The following are examples of possible projects -- they are by no means a complete list and you are free to select your own projects. In general, projects can be of three varieties:

  1. Research project: model an unsolved problem, propose algorithmic solution, evaluate and report findings.
  2. Win: pick an existing useful application and a well-recognized metric (latency, prediction, etc) and win against the state of the art.
  3. Break and fix: implement a state of the art algorithm on real data, show that it doesn't actually work (results are poor, it's slow, etc), make it work.

Data Cleaning

Understand how scientific articles use and talk about data. Two possible directions:

  • Analyze how data is talked about
    • Viziometrics has a corpus of figures from pubMed articles, analyze the way papers describe and talk about the contents of figures. Is there a universal set of ways that figures are described (e.g., in terms of comparisons? in relative terms? ). This can serve as the evidence for a new data analysis language.
    • fyi: Arxiv supports downloading raw tex files for many papers
  • Analyze how data is cleaned in practice
    • Analyze the text of scientific journals (science/nature/pubmed/arxiv/biorxiv) to categorize and summarize types of data cleaning applied.
    • or scrape and analyze code bases for cleaning operations

Arachnid is a new explanation engine that automatically generates cleaning programs based on user specifications of data quality. It is an extension to ideas from Scorpion. Contact Eugene for a copy of Arachnid. Some possible projects:

  • Integrate Arachnid into an interactive data exploration interface in a way that the user can clean any part of a visualization without programming
  • Implement a fast version of Arachnid in the browser

Automatic Interface Generation

Precision interfaces automatically generates interaction interfaces from program logs. It supports any parsable language that can be represented as an abstract syntax tree. Extend the system in interesting ways

  • Extend Precision Interfaces to support program logs from different languages. These can be real programming languages (e.g., Python, etc), or information that can be parsed into a syntax tree (e.g., structured requests embedded in network requests generated by a browser client)
  • Extend Precision Interfaces to different modalities such as gesture or natural language. The system has a flexible model of interactions that is agnostic to the mode of input.
  • Embed design heuristics into the interface generation process. The system currently has a very simple model of "interface complexity" --- make it more real by taking existing HCI research into UI complexity and design into account.

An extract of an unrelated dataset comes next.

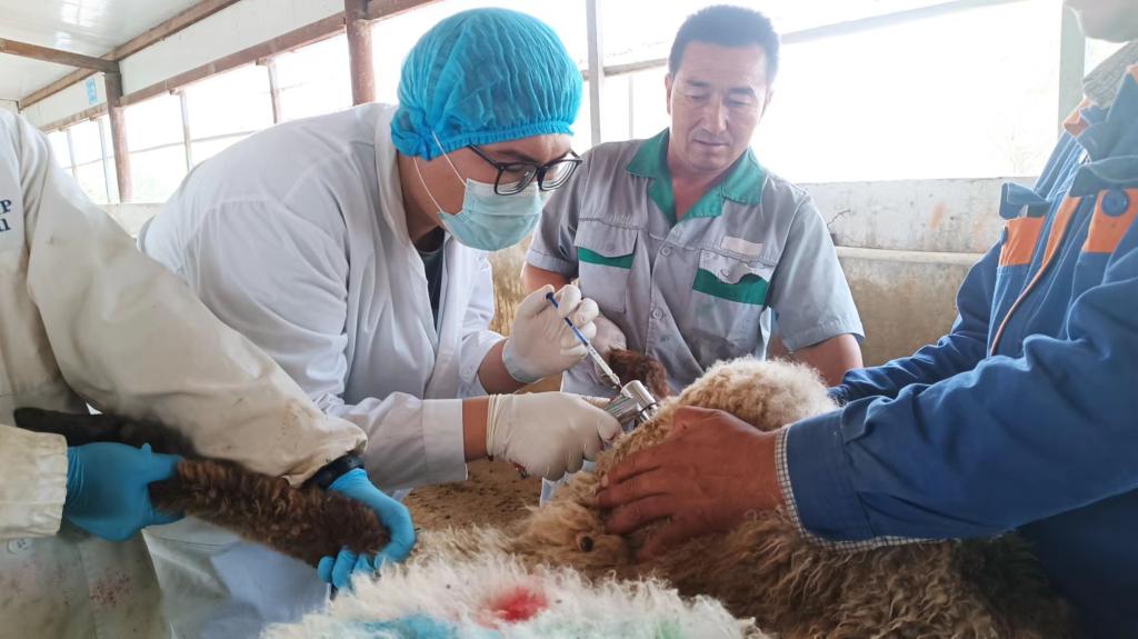 后期,该团队将结合自治区全面推广羊人工授精项目,为麦盖提县9个乡镇提供培育出的多胎基因公羊精液,落实“边选育、边推广、边改进”的策略,预计在10月10日指导完成1万只母羊的配种,为提升农户多浪羊品质,扩大多胎群体以及多胎公羊基因交换和联合育种奠定基础。

Query Engine for Interactive Apps

Smoke is the fastest lineage-enabled database engine. It captures the relationships between output and input records as efficient lineage indexes. It turns out, this can be used to express and speed up interactive applications such as visualizations. Extend or use it in interesting ways

  • There are a number of compression techniques that are possible to reduce the storage costs. Explore ways to generate compressed representations that do not increase, or even reduce the overhead of lineage capture.
  • Explore the combination of offline data structures such as data cubes and online lineage index structures to further improve query performance.